Bu alıntıların ardından Cyril, Hypatia için “dinsiz” ve “şeytan” gibi kelimeler kullanmış ve cemaati daha da kışkırtarak amacına ulaşmıştır. Siyah kukuletalı, yaklaşık 500 kişi kadar olan fanatik bir grup, bir sabah Hypatia’yı saçlarından sürükleyerek kiliseye götürmüş, ardından da vahşice öldürmüşler, sonrasında ise Hypatia’nın ölü bedenini kilisenin içinde ateşe vermişlerdir.

Hypatia’nın öldürülmesi İskenderiye’de büyük bir yankı bulmuştur.

Hypatia’nın ölümünden sonra yeni Plâtoncu okul da onunla birlikte tarihin karanlık sularına gömülmüştür.
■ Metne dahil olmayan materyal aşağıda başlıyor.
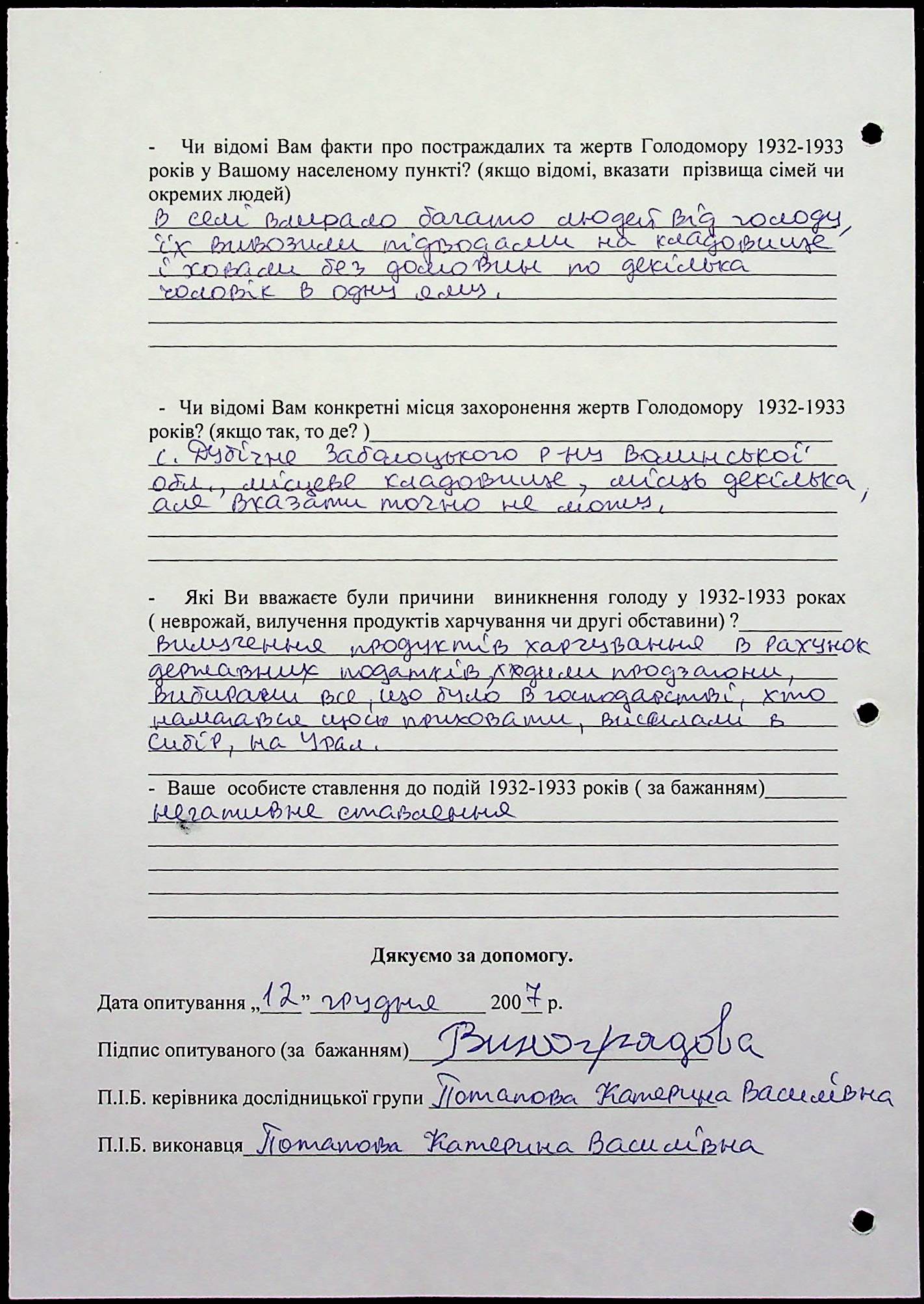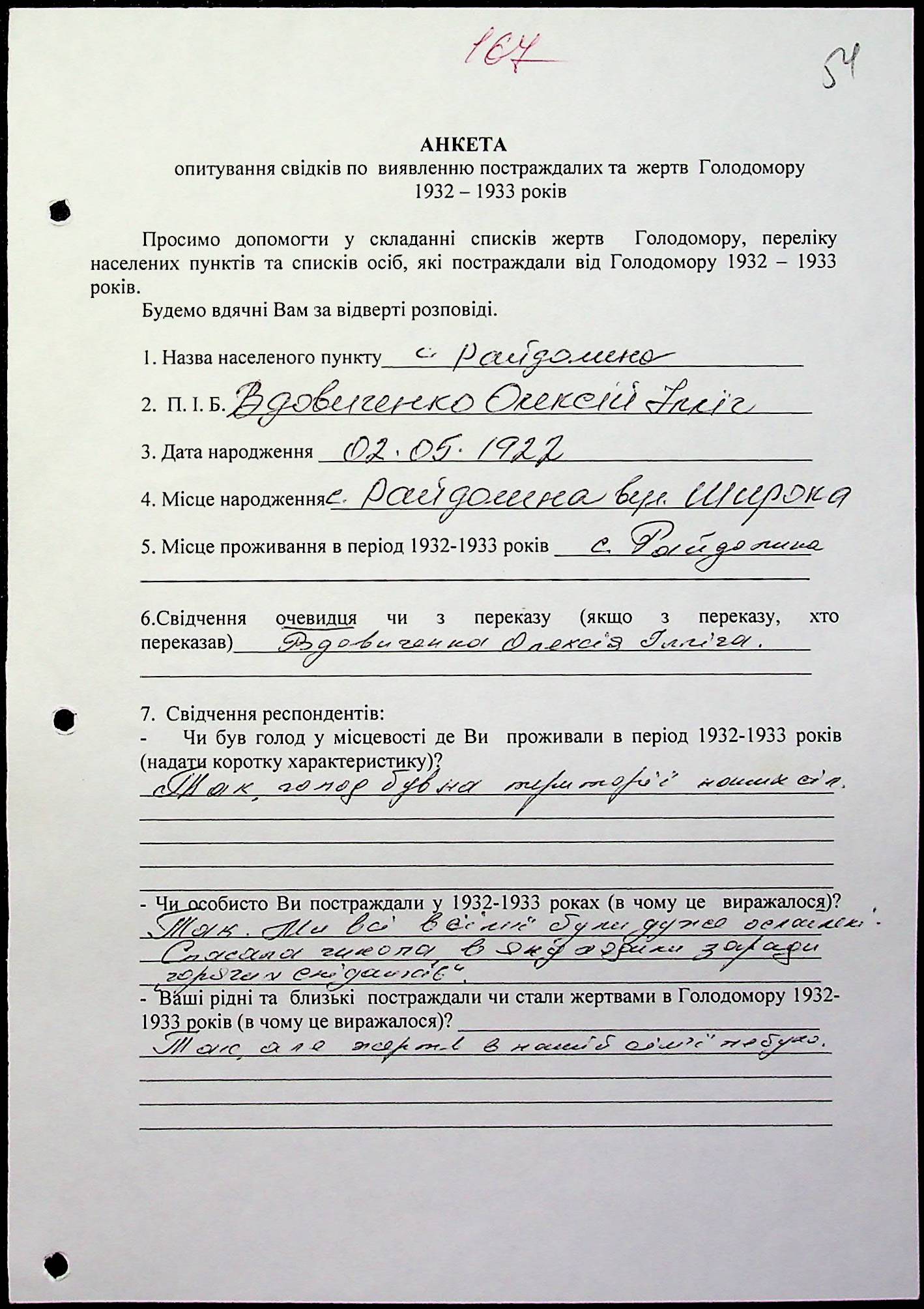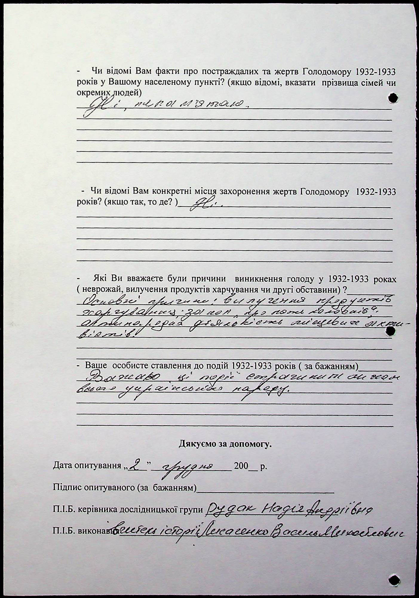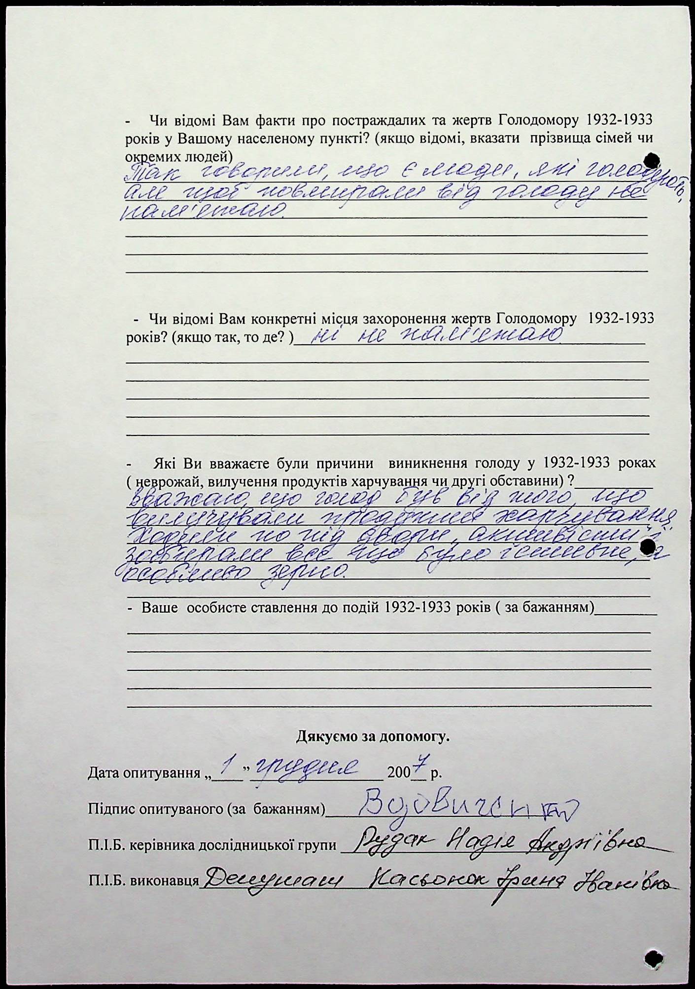 • • • • Справа № 20 “Свідчення очевидців Голодомору 1932-1933 років, які проживають у Веселинівському районі, з прізвищами на літери А–К”
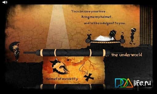 -у цій головоломці для андроїд вас чекає захоплююча подорож у світ Стародавньої Греції. Античний світ, міфи, герої, боги, таємничі знаки і письмена і багато іншого чекає любителів античності. Щоб пройти гру, доведеться розгадати чимало складних і не дуже головоломок і загадок. занурившись з головою в світ давнини, ви в кінцевому підсумку настільки проникніться духом античності, що зможете інтуїтивно відчувати деякі розгадки. Вообщем, гра затягує з перших секунд. А щоб проходити всілякі загадки було цікавіше-є і сюжет - у вашого лицаря викрали прекрасну принцесу. Ось якраз і в пошуках її доведеться поворухнути звивинами дуже навіть не слабо!
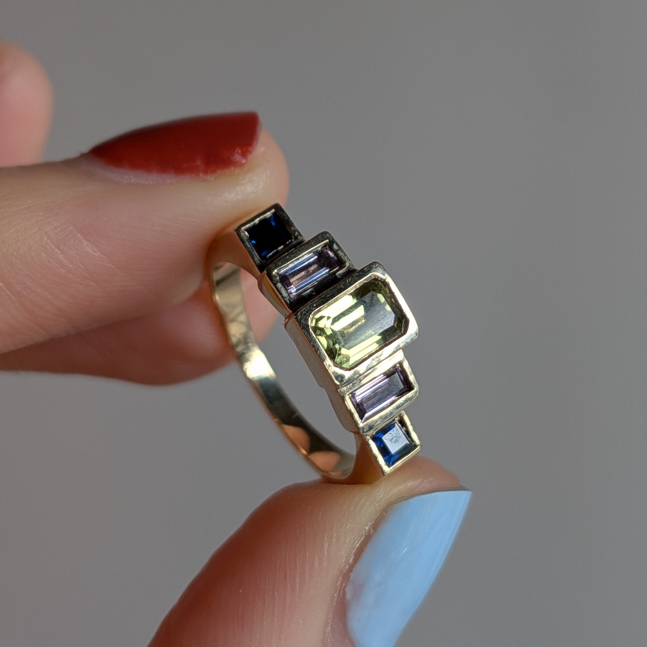 A yellow gold Steppe ring with a gorgeous green sapphire center, flanked by purple spinel baguettes and ocean blue carré cut sapphires.
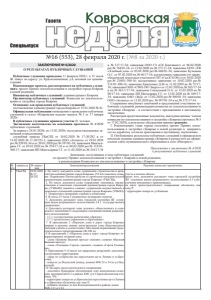 №16 (553), 28 февраля 2020 г. (№8 за 2020 г.) ǺDzDZDzǸȌ ǸȜȐȞȜȐȟȘȎȭ Спецвыпуск Газета ЗАКЛЮЧЕНИЕ № 4/2020 О РЕЗУЛЬТАТАХ ПУБЛИЧНЫХ СЛУШАНИЙ Публичные слушания проведены 11 февраля 2020 г. в 15 часов 00 минут по адресу: ул. Краснознаменная, д.6, актовый зал администрации. Наименование проекта, рассмотренного на публичных слушаниях: проект Правил землепользования и застройки города Коврова в новой редакции Инициатор публичных слушаний: администрация г.Коврова Организатор публичных слушаний: Комиссия по землепользованию и застройке города Коврова. Основание для проведения публичных слушаний: постановление администрации города Коврова от 15.01.2020 № 41. Официальная публикация оповещения о проведении публичных слушаний в газете «Ковровская неделя» выпуск № 3 от 17 января 2020г. В публичных слушаниях приняли участие 61 человек Заключение подготовлено на основании протокола № 4/2020 публичных слушаний. За период с 24.01.2020г. по 13.02.2020г. поступили письменные замечания и предложения: служебная записка УБиСРД от 10.02.2020 № 17-20/292 и от 13.02.2020 № 17-20/333-1; заявления ООО «Атланта» от 29.01.2020 рег.№ 559/01-34 и от 30.01.2020 рег.№ 597/01-34; заявления Мангасаряна Г.Г от 03.02.2020 вх.№ 254/17-16 и от 04.02.2020 рег.№ 153/01300-17; заявления ИП Мангасаряна Г.Г. от 11.02.2020 вх.№ 316/17-34 и № 317/17-34; заявления ООО СЗ «СК Континент» от 06.02.2020 рег.№ 764/01-34, от 13.02.2020 вх.№ 371/17-34; заявление ООО «ТФ «Хлебный дом» от 03.02.2020 рег.№ 668/01-34; заявление Кузьмина О.С. от 07.02.2020 вх.№ 66/17-16; коллективное заявление (от правообладателей земельных участков в СНТ «Сад КЭЗ №1») от 10.02.2020 рег.№ 230/01-300-16; коллективное заявление от 10.02.2020 рег.№ 231/01-300-16; заявление Ермоленко Д.М от 11.02.2020 вх.№ 72/1716; заявления ООО «СМП-245-Энерго» от 12.02.2020 вх.№ 363/17-34 и вх.№ 363-1/17-34; заявление Сандаловой О.А. от 12.02.2020 вх.№ 80/17-16; заявление ИП Магасаряна Г.Г. от 13.02.2020 вх.№ 369/1734; заявление ОАО «ЗиД» от 13.02.2020 рег.№ 940/01-34; заявление ООО «Атланта» от 13.02.2020 рег. № 997/01-34 и вх.№ 372/17-34. Содержание внесённых замечаний и предложений участников публичных слушаний, рекомендации комиссии по землепользованию и застройке г.Коврова – в соответствии с приложением к настоящему заключению. Рассмотрев представленные документы, выслушав мнение членов комиссии по землепользованию и застройке г.Коврова (протокол № 5 от 17.02.2020), в результате обсуждения принято решение: I. Рекомендовать главе города отклонить проект Правил землепользования и застройки г.Коврова в новой редакции и направить его на доработку согласно приложения к настоящему заключению. II. Опубликовать результаты публичных слушаний в официальном печатном издании администрации г.Коврова и разместить на официальном сайте муниципального образования в сети «Интернет». Приложение к заключению № 4/2020 о результатах публичных слушаний Замечания, поступившие в ходе публичных слушаний по проекту Правил землепользования и застройки г. Коврова в новой редакции, и рекомендации Комиссии по землепользованию и застройке г.Коврова № п/п заявитель № заявления Замечания/предложения Решение комиссии /примечание 1. УБиСРД 10.02.2020 № 1720/292 1. По тексту документа слова «управление строительства и архитектуры администрации города Коврова» (УСиА) заменить словами: «управление благоустройства и строительно-разрешительной документации администрации города Коврова» (УБиСРД). 2. По тексту документа слова «управление экономики, имущественных и земельных отношений администр

Hypatia, ölümünden bu yana unutulmayan bir isimdir ve adeta bir efsane haline gelmiştir. Bilim ve sanat alanlarında sembol olan Hypatia hakkında zaman içerisinde şiirler, romanlar ve oyunlar yazılmıştır. Feminist sanata da konu olmuştur.

Voltaire’e göre Hypatia, “Bağnazlığın masum bir kurbanı; öldürülmesi ise, Yunan tanrılarıyla beraber, sorgulama özgürlüğünün de ortadan kalkışının bir simgesidir”.

Hypatia’nın hayatı 2009 yapımı “Agora” filmine de konu olmuştur.